README file from
GithubDocument Weaver
Stop copy-pasting. Drop files, get notes.
Document Weaver converts Word, PDF, PowerPoint, Excel, and HWP files into clean Markdown — instantly. Drag files onto the window, point a watch folder at your Downloads, or pick files from the command palette. Images are extracted automatically. Front matter is injected. Done.
- 📄 DOCX — headings, bold, italic, tables and images, all preserved
- 📑 PDF — text layer extracted with automatic heading detection
- 📊 PPTX — single long-form note or one note per slide, with speaker notes
- 📈 XLSX / XLS — every sheet becomes a clean GitHub-flavored table
- 🇰🇷 HWP / HWPx — Korean office format (beta)
- 📝 TXT / CSV — verbatim or auto-formatted as table
No API keys. No cloud.
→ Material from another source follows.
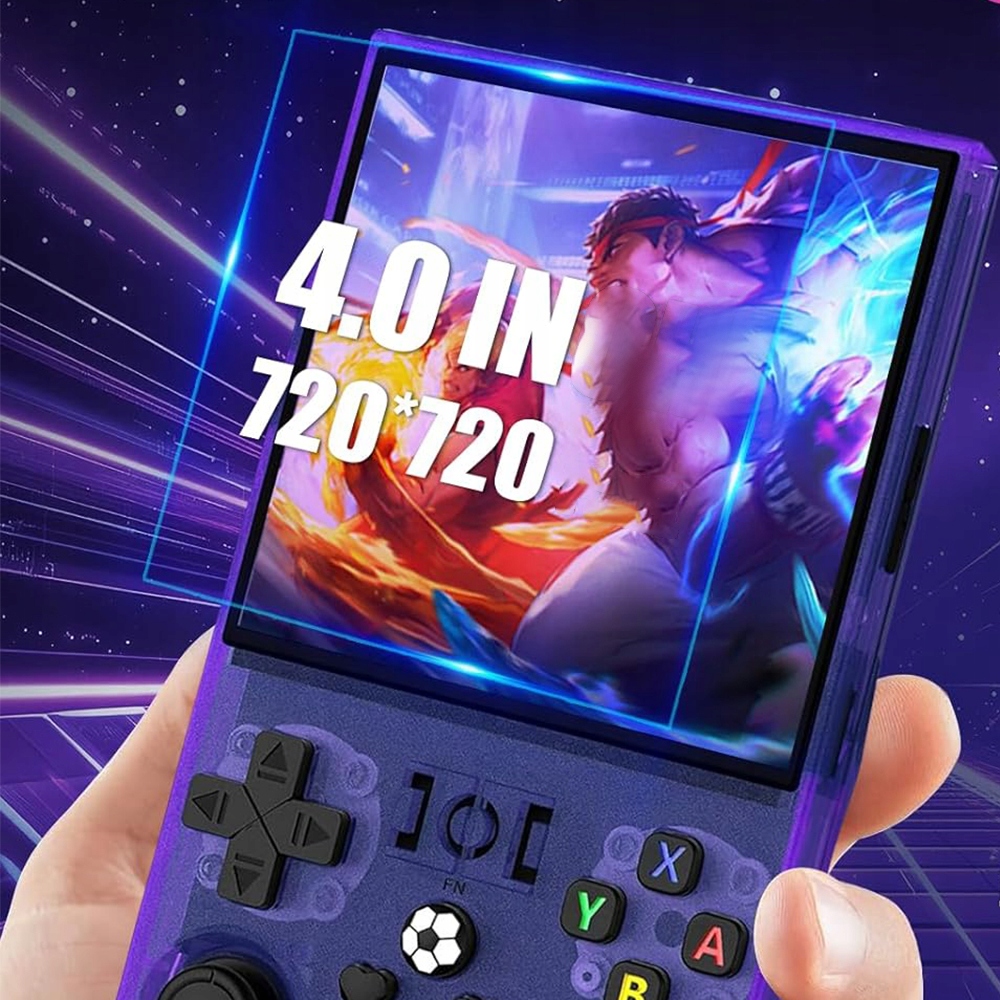 R36MAX оснащен 4-дюймовым IPS-экраном с разрешением 720×720, обеспечивающим яркие цвета RGB и необыкновенное визуальное восприятие. Отличная обзорность и детализация изображения гарантируют удовольствие от игры в любимые игры.

Fully offline.
The local-file companion to Confluence Weaver.
Supported Formats
| Format | Extension | Fidelity |
|---|---|---|
| Word | .docx |
★★★★ — headings, bold/italic, tables, images |
| PowerPoint | .pptx |
★★★☆ — slide titles, bullets, notes, images |
.pdf |
★★★☆ — text layer only; scanned PDFs generate a stub note | |
| Excel | .xlsx / .xls |
★★★☆ — each sheet becomes a GFM table |
| HWP | .hwp |
★★☆☆ ⚠ beta — binary format, best-effort |
| HWPx | .hwpx |
★★★☆ ⚠ beta — ZIP+XML, better than HWP5 binary |
| Plain text | .txt / .csv |
★★★★ — verbatim / GFM table |
Installation
BRAT (recommended)
- Install the BRAT plugin
- BRAT settings → Add Beta Plugin → enter
GS-AX/doc-weaver
Manual
- Download
main.jsandmanifest.jsonfrom Releases - Copy both files to
.obsidian/plugins/doc-weaver/inside your Vault - Obsidian → Settings → Community Plugins → enable Doc Weaver
Usage
Import entry points
| Method | How |
|---|---|
| Command palette | Doc Weaver: Import file… → system file picker (multi-select supported) |
| Drag & drop | Drop one or more supported files onto the Obsidian window |
| Watch folder | Configure inbox folders in settings; new files are converted automatically |
Output
Converted notes are saved to the configured destination folder (default: Imported/):
---
source_file: "report.docx"
source_format: "docx"
imported_at: "2026-05-23T10:00:00+09:00"
---
# Report Title
...
Embedded images are extracted to Imported/_assets/<note-name>/image-001.png and linked with ![[image-001.png]] (or a markdown link, per setting).
Completion notices
- Single file:
✅ report.docx → Imported/report.md (12 headings, 3 images) - Bulk:
✅ 5 files imported (1 warning) → Imported/ - Errors are appended to
Imported/_import_errors.md
PowerPoint modes
| Mode | Output |
|---|---|
| Single note (default) | One .md file with ## Slide N sections separated by --- |
| Per-slide | One .md per slide + an index note with [[wikilinks]] |
Settings
Output
| Setting | Default | Description |
|---|---|---|
| Destination folder | Imported |
Vault folder for converted notes |
| Asset subfolder | _assets |
Sub-path for extracted images |
| Filename collision | number |
skip / overwrite / add number suffix |
| PowerPoint output | single |
Single note or per-slide notes |
| Use wikilinks | ON | ![[...]] vs  for images |
| Open after import | ON | Open the note after conversion (skipped for bulk) |
Watch Folder
| Setting | Default | Description |
|---|---|---|
| Watch folders | (none) | OS paths to monitor (add multiple) |
| Watch interval (min) | 5 |
Set to 0 to disable |
| Watch subfolders | OFF | Recursively watch inbox subfolders |
| After import | archive |
archive / delete / keep |
| Archive folder | (none) | OS path to move originals after conversion |
Advanced
| Setting | Default | Description |
|---|---|---|
| Show HWP beta features | OFF | Enable HWP/HWPx conversion (limited quality) |
| Language | Auto | Auto / English / 한국어 / 日本語 / 中文 |
v1.0 Non-Goals
- No reverse export — Markdown → Word/PDF not supported
- No OCR — scanned PDFs produce a stub note only
- No cloud sync — local files only (use Confluence Weaver for remote)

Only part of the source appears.